Give up typing and get out your pink sparkly gel pens, Picasso. OK, maybe the typing isn’t going so well, and everybody at the table knows it. Fine. Put the computer away and take out your notebook. (You carry a notebook, right? Carry a frigging notebook. And a pen or five.) There’s something about having your hand on paper, dragging your chicken scrawl across it, that seems a little closer to the words and a little removed from whatever is happening in that growing Word file you’ve got going on. Does your notebook have lines? Ignore them. I buy the quadrille notebooks, the ones that are filled with what looks like graphing paper. Graphing paper means precision, right? Nope, those are just more lines to ignore. Draw pictures, draw parallels between ideas, doodle, play the what-if game, whatever works. When you’re ready to rock and roll, go back to where you write best.

Read a book once in a while, Einstein. Mystery/thriller writer Hank Phillippi Ryan once quipped that to get everything done that she does, first she gave up sleeping, and then she gave up eating. She meant cooking; she still eats. But the first thing to go for me and a lot of writers I know isn’t sleep—it’s reading. The very thing that led us into the writing business in the first place, and we’re letting it fall by the wayside. All those spare moments we used to use for the paperback in our purse are now dog-earred for idea generation, jotting down notes, or maybe getting through that scene we’ve been working on this week. We don’t waste those moments. We can’t. But reading isn’t a waste of time, ever. It’s a pleasure, and a great reminder of how a book can work on us and for us. If we didn’t believe that, we wouldn’t be trying to write one. Give yourself permission to keep up in your genre or to grab something off the shelf that has nothing to do with your current project. Remind yourself, even if your inner critic won’t, that stories are worth the trouble they take. Getting the words down, in fact, is worth handing the entire breadbasket over to your inner critic and telling her to shove it.

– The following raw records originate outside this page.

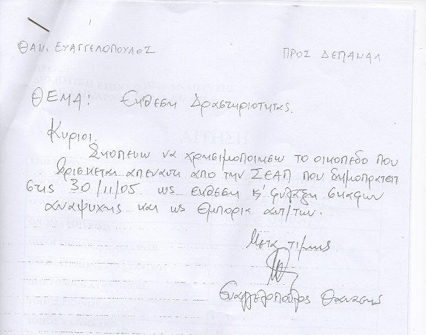 Ο επιχειρηματίας Θανάσης Ευαγγελόπουλος (συνιδιοκτήτης του πρατηρίου υγρών καυσίμων που λειτουργεί σήμερα στον χώρο αυτό, απέναντι από τη ΣΕΑΠ), πριν τον διαγωνισμό, στέλνει στη ΔΕΠΑΝΑΛ μια ιδιόχειρη επιστολή στην οποία αναφέρει ότι σκοπεύει να χρησιμοποιήσει την έκταση “ως έκθεση και φύλαξη σκαφών αναψυχής και ως εμπορία αυτοκινήτων”, δραστηριότητα προφανώς συμβατή στη συγκεκριμένη θέση.
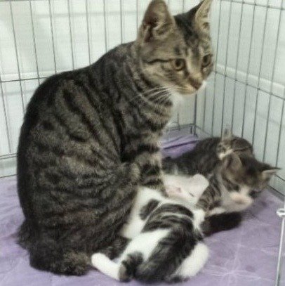 아는분께서 다니는 공장에서 밥주던 모녀인데..회사에서 밥을 못주게해서 구조를 했는데 다른 아기들은 입양이 됬고
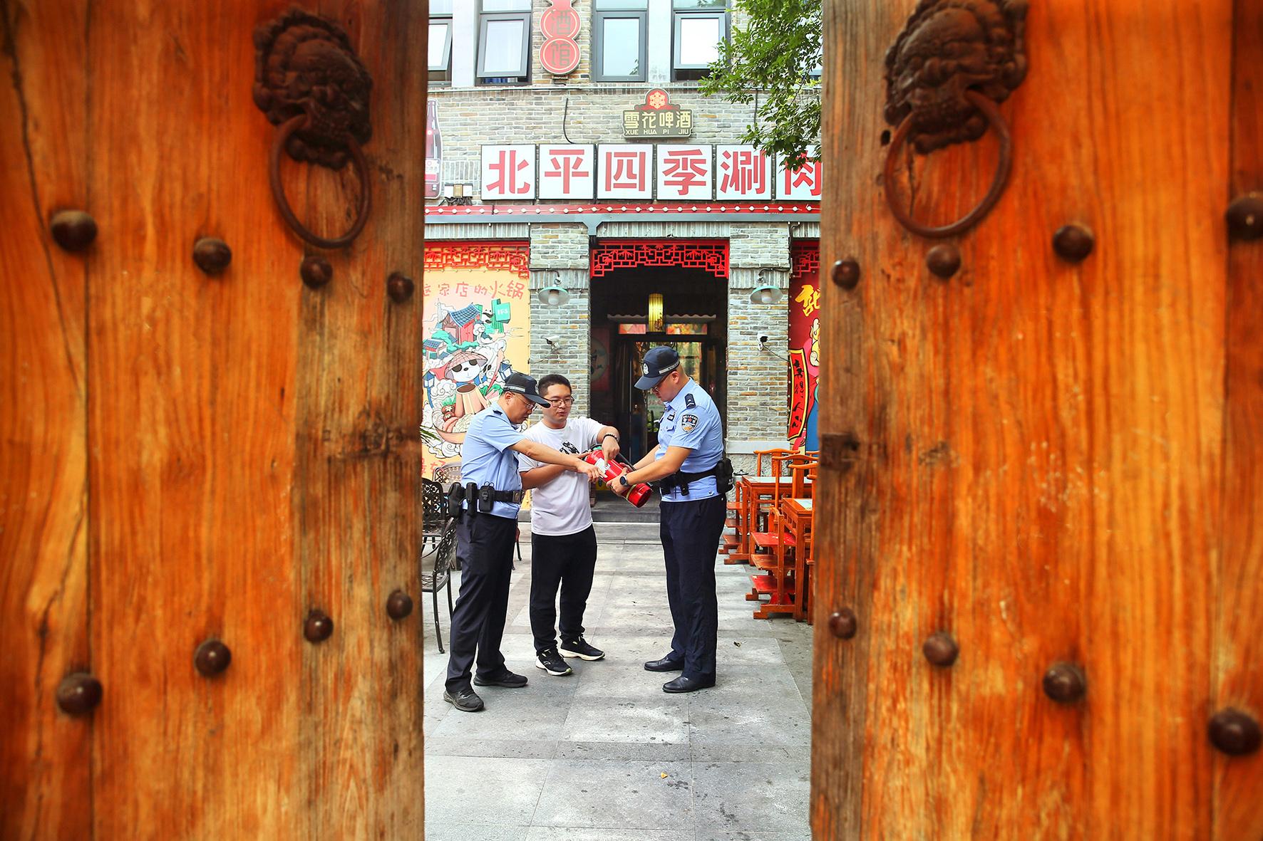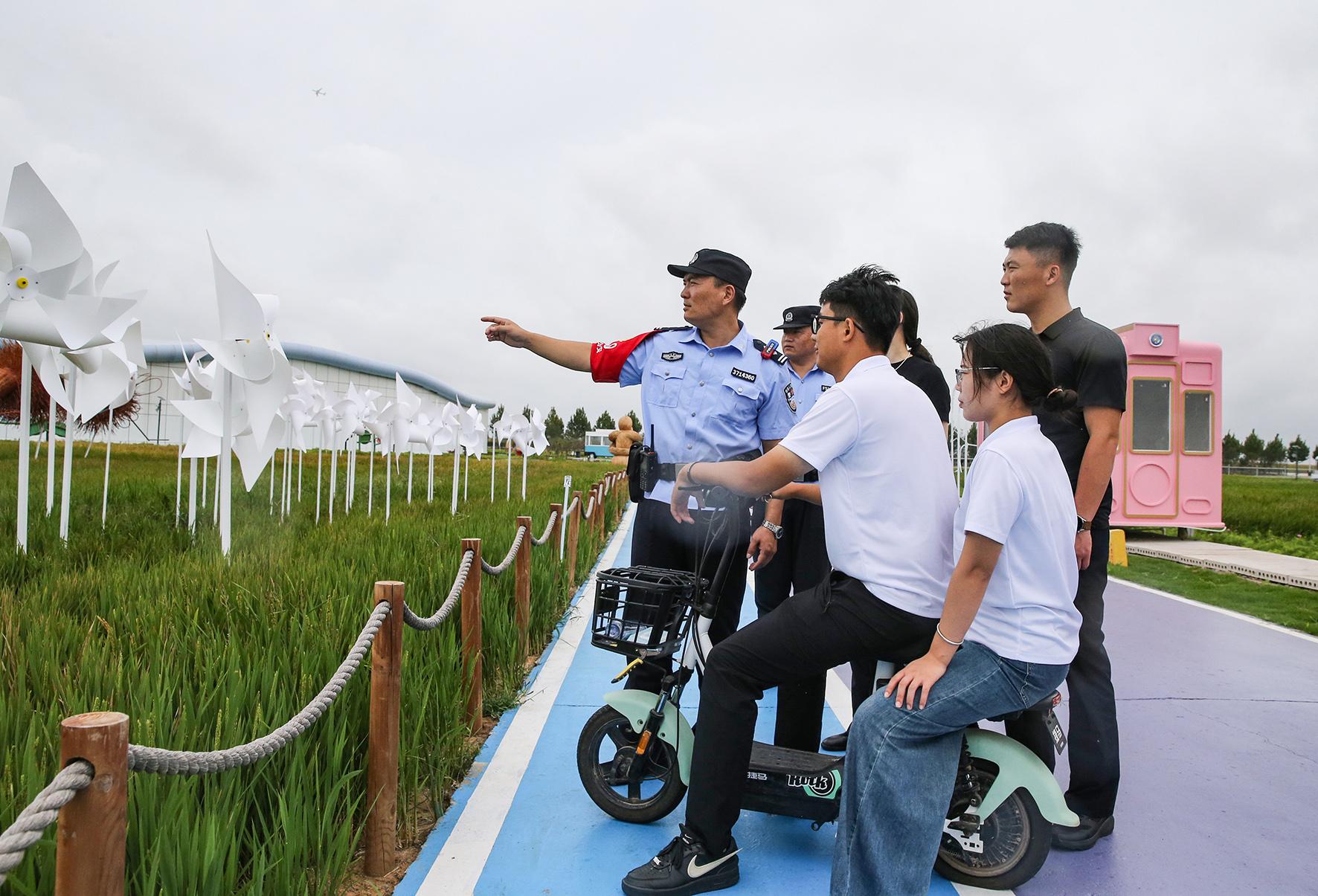 9月17日,山東省臨沂市郯城縣公安局李莊派出所民警輔警在郯城縣醉東風(fēng)鄉(xiāng)村藝棧景點執(zhí)勤巡邏。
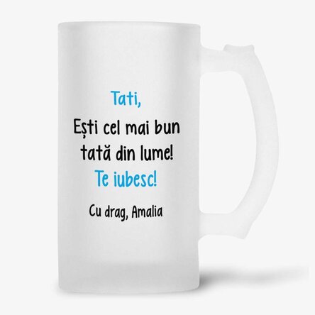 Halbă de bere personalizată cu mesaj și o poză - Tata, eroul meu
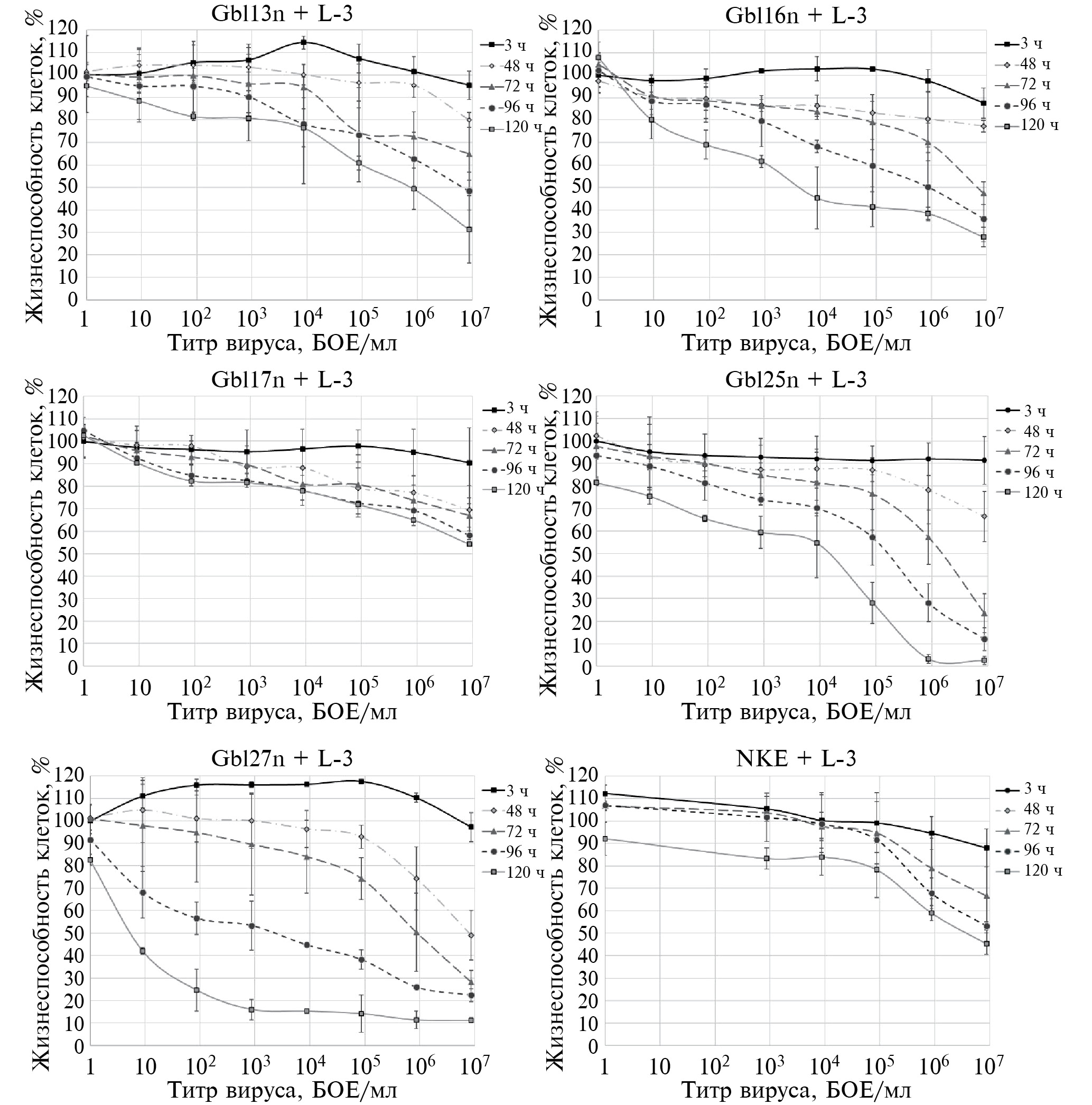 Рис. 1. Жизнеспособность пяти первичных культур клеток глиобластомы и иммортализованной культуры клеток NKE, инкубированных с вирусом паротита (MV) штамм Ленинград-3 (L-3), через 3–120 ч после заражения. По оси абсцисс отложен титр инокулированного вируса (БОЕ/мл), по оси ординат – жизнеспособность клеток (%), соответствующая значениям оптической плотности зараженной культуры клеток, выраженным в процентах от значений в незараженной культуре непосредственно перед заражением (0 ч), принятым за 100%. Значение “0” по оси абсцисс соответствует УФ-инактивированному MV. Полосы погрешностей обозначают стандартное отклонение.
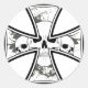 Cette Croix de fer a trois crânes. Les trois crânes sont à l'intérieur de la croix de fer. La Croix de fer a alternativement des bordures de noir et blanc. Ce design est parfait pour les amateurs de moto et de moto.
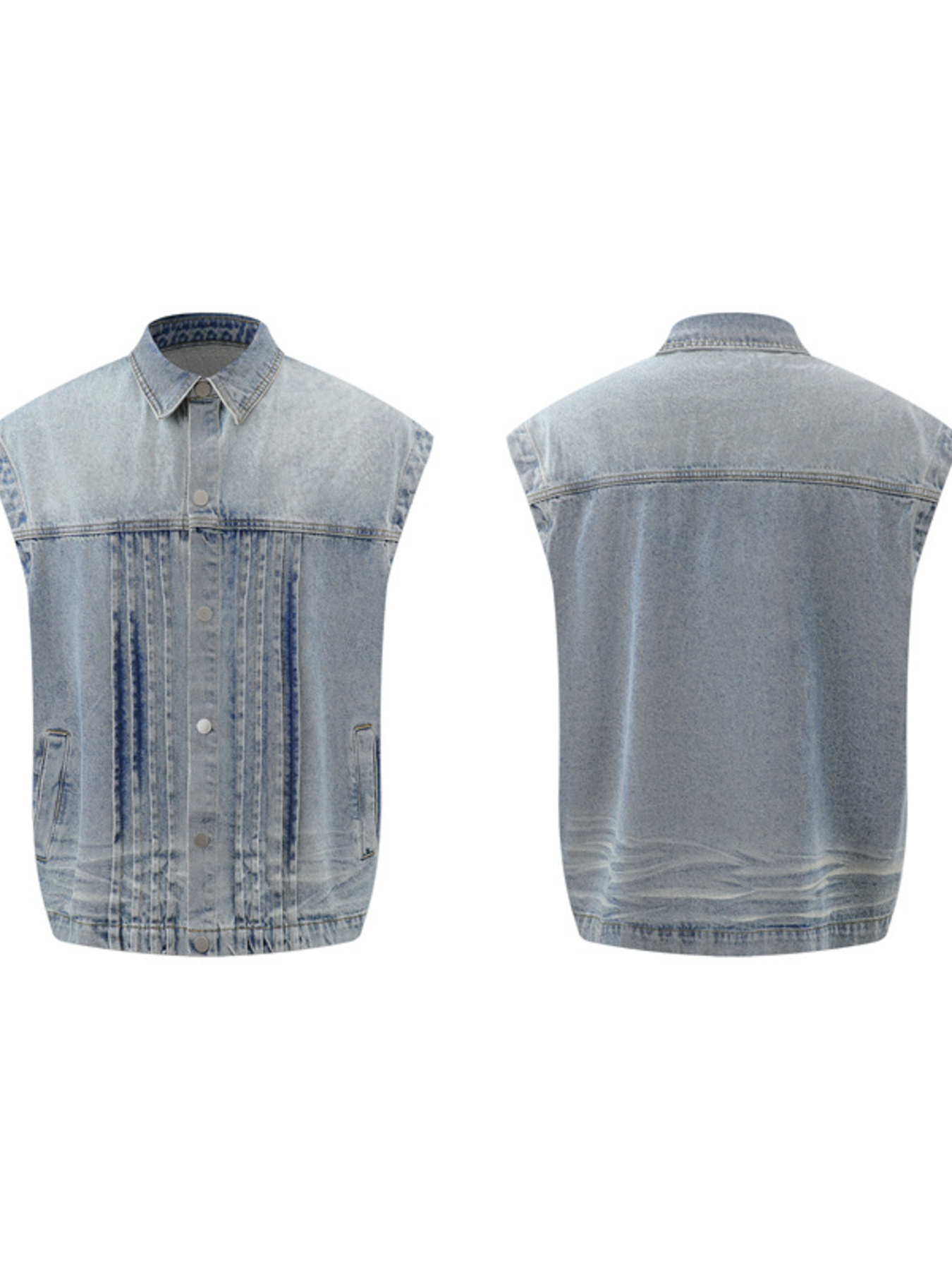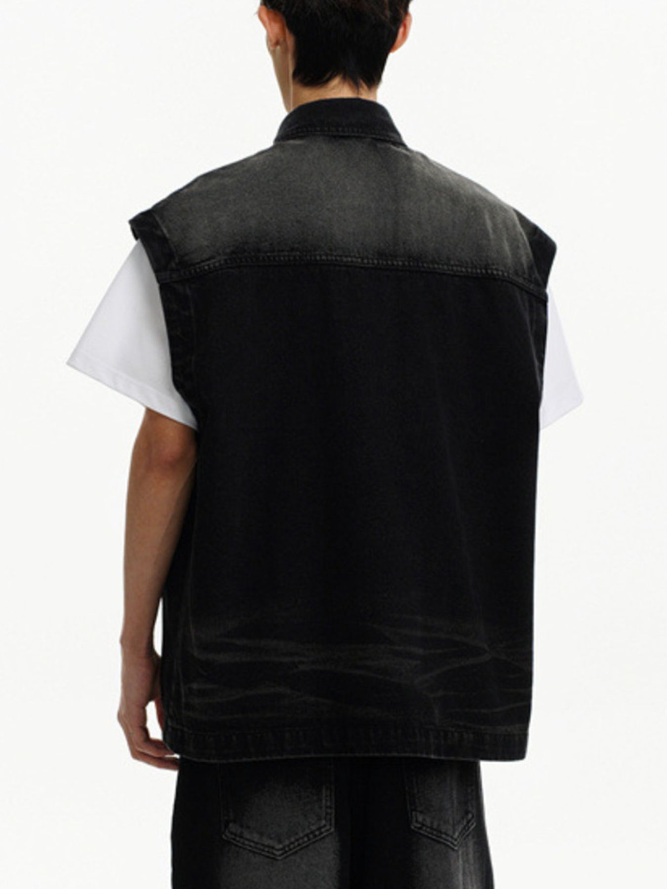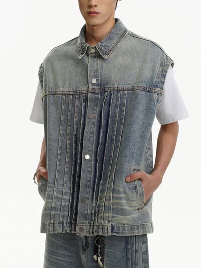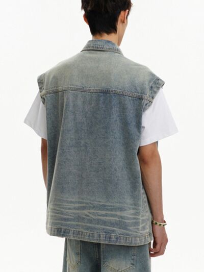 Men's Plus Size Sleeveless Vintage Washed Denim Jacket
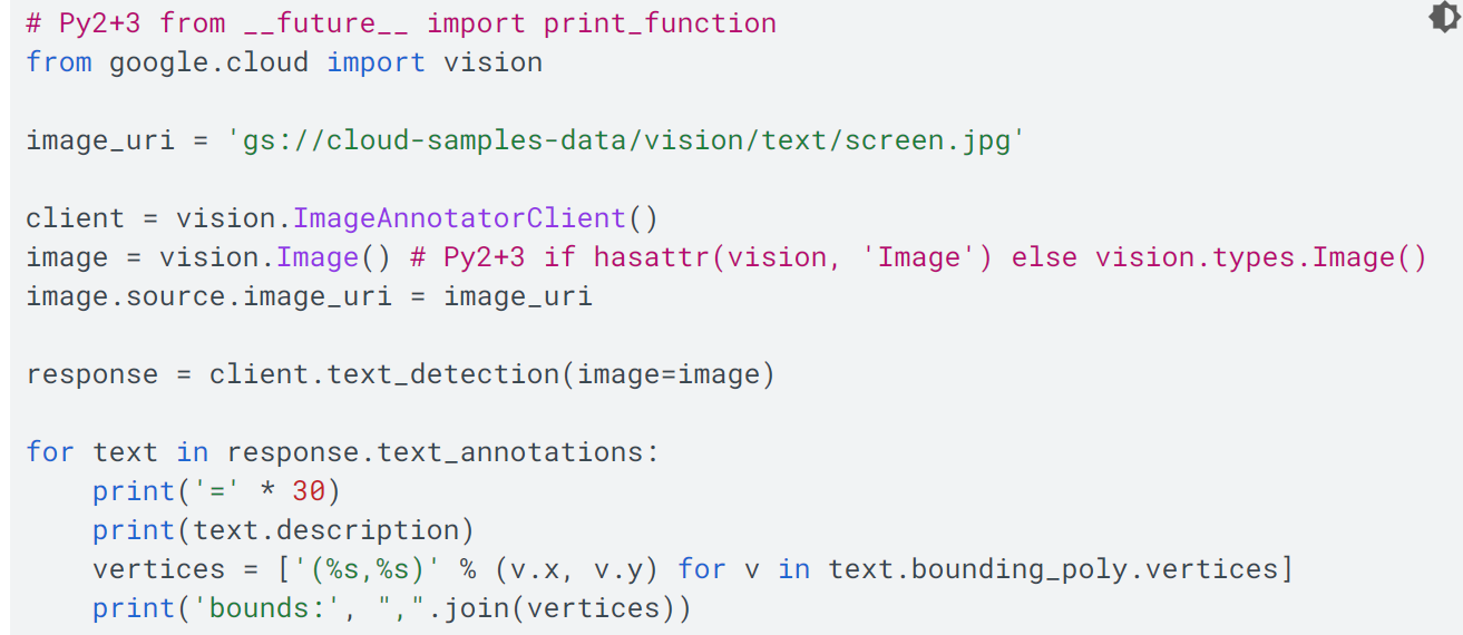 --如果您打算打开您可以访问在这里提到的引用中提供的图像示例的映像:https://storage.cloud.google.com/cloud-samples-data/vision/text/screen.jpg --代码中提供的uri是存储在Google中的图像的资源位置,上面的链接相当于url。

What do you do to shush your inner critic?

Author: Lori Rader-Day

Lori Rader-Day is the author of the mystery THE BLACK HOUR (Seventh Street Books, July 2014). She grew up in central Indiana, but now lives in Chicago with her husband and very spoiled dog.

11 Replies to “How to Get Your Inner Critic to Zip It”

  1. I LOVE a good gel pen and the more colors the better. Great suggestions and those I live by religiously. I like your point about reading. I don’t understand why writers give it up. It isn’t just books we love for the sake of stories, it’s keeping up with what is selling in our genre and others, and, most importantly, it’s a tool to understanding how craft works which helps us expand our own. I can’t tell you how much I’ve learned simply by reading. I still cram it in every single night before bed, even if it’s 15 minutes and my eyes are drooping. Great post!

  2. “Writing doesn’t always feel like rainbows are shooting out of your fingers. Just keep typing.”

    Absolutely true. And sometimes it feels exactly like that and it’s not really that great after all. When you’re standing close enough to the canvas to paint on it, you can’t be sure what it will look like from across the room.

    Oh, and I agree about pens and paper. It is a much more pleasurable experience for the fingers than tap-tap-tap on the keyboard.

  3. I agree with Susan…I love your sense of humor, Lori.

    Like you, I find my inner critic is more likely to keep quiet when I’m writing by hand. I don’t know why that is, but just last night I was working on the rough draft of a short story by hand. I think because I know that when I do transcribe it from a journal to the computer, I’ll edit anyways, so that gives me permission to get a really, really rough draft down.

    1. That’s a good point, Natalia. I think I am freer on paper than I am on the computer sometimes, at least at the beginning of my writing time, or if I’m out of practice. Once I’m back into the story, though, I write much faster on the computer, and that’s where I loosen up. Weird, right?

  4. This is great, Lori! I wish I could get my inner critic to zip it. Wine certainly helps shut down my inner critic, but I don’t want to be going too far down THAT track. Hello again, Hemingway.